Required work →
The copy must hold exactly the lines from the one with "伝統的な「青海波柄」に、カー" through the end of the listing below, and nothing else, with no pictures.
------------------------------------------------------------------------
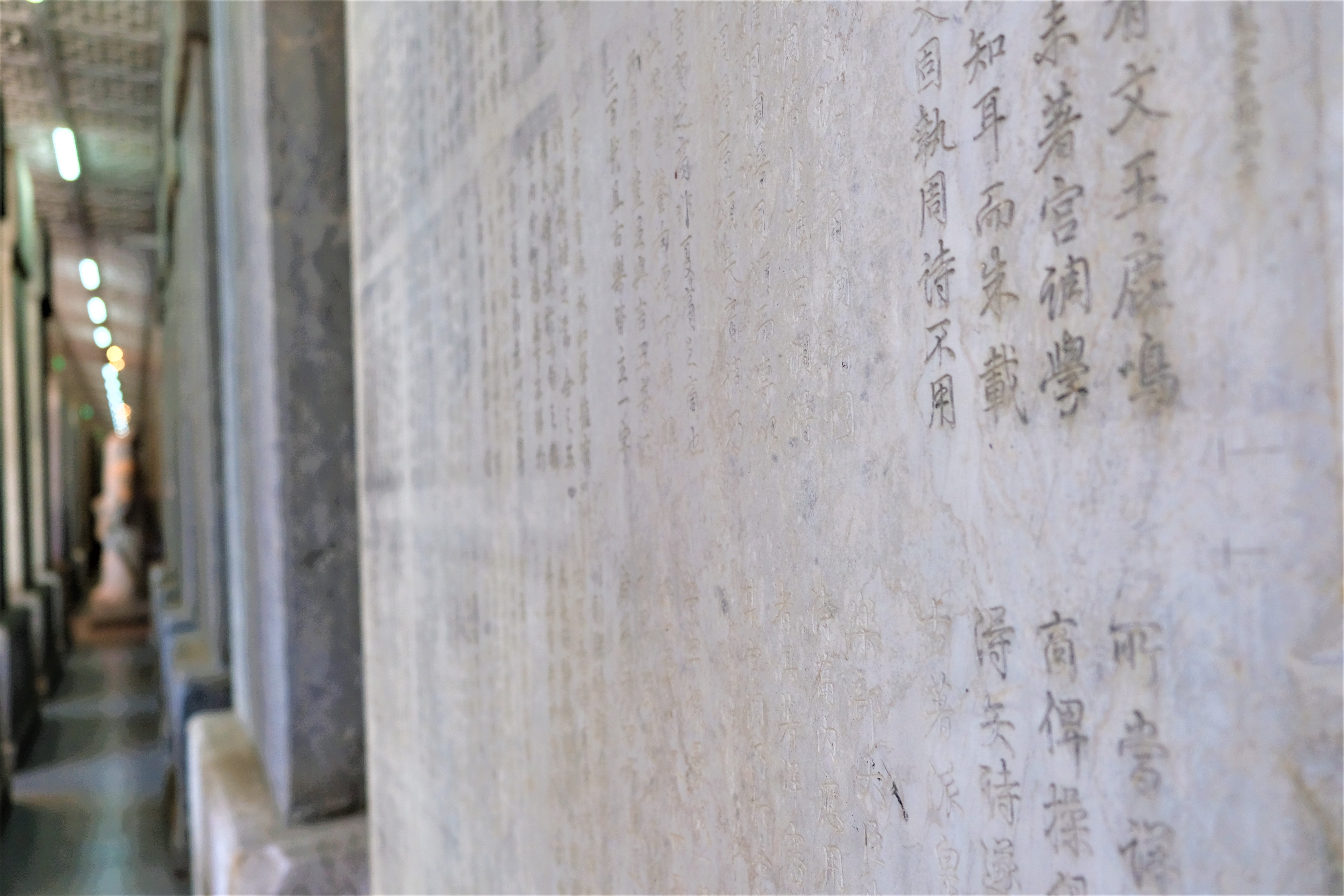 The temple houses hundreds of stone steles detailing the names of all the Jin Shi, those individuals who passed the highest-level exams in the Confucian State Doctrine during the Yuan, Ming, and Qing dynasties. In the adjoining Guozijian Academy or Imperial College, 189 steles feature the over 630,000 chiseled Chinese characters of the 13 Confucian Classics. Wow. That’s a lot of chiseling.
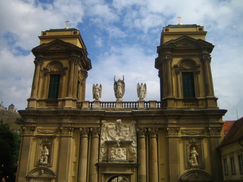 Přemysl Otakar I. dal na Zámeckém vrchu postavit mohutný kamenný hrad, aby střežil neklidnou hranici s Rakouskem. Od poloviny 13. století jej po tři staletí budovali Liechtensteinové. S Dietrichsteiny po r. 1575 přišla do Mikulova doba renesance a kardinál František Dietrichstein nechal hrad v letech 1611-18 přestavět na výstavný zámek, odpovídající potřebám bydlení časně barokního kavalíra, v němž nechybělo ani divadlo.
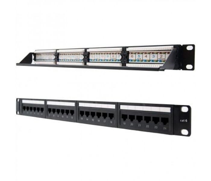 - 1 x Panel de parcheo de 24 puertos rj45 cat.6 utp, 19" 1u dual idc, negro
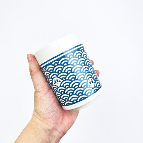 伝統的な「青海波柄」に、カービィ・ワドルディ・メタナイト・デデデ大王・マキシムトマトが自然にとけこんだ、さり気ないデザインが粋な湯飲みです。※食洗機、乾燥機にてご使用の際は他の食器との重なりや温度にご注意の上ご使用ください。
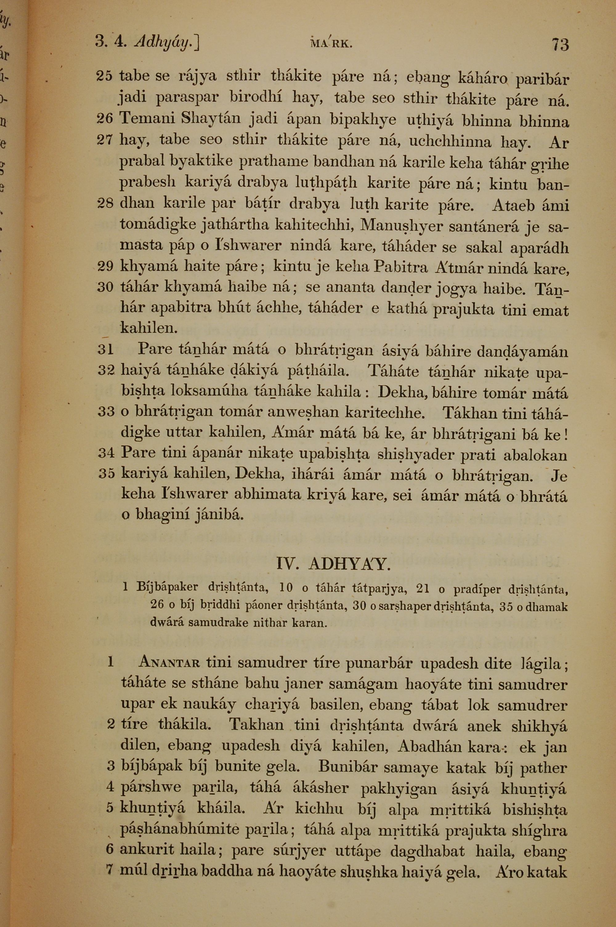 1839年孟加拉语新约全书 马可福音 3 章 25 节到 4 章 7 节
------------------------------------------------------------------------
Exercise solution →
 伝統的な「青海波柄」に、カービィ・ワドルディ・メタナイト・デデデ大王・マキシムトマトが自然にとけこんだ、さり気ないデザインが粋な湯飲みです。※食洗機、乾燥機にてご使用の際は他の食器との重なりや温度にご注意の上ご使用ください。
 1839年孟加拉语新约全书 马可福音 3 章 25 节到 4 章 7 节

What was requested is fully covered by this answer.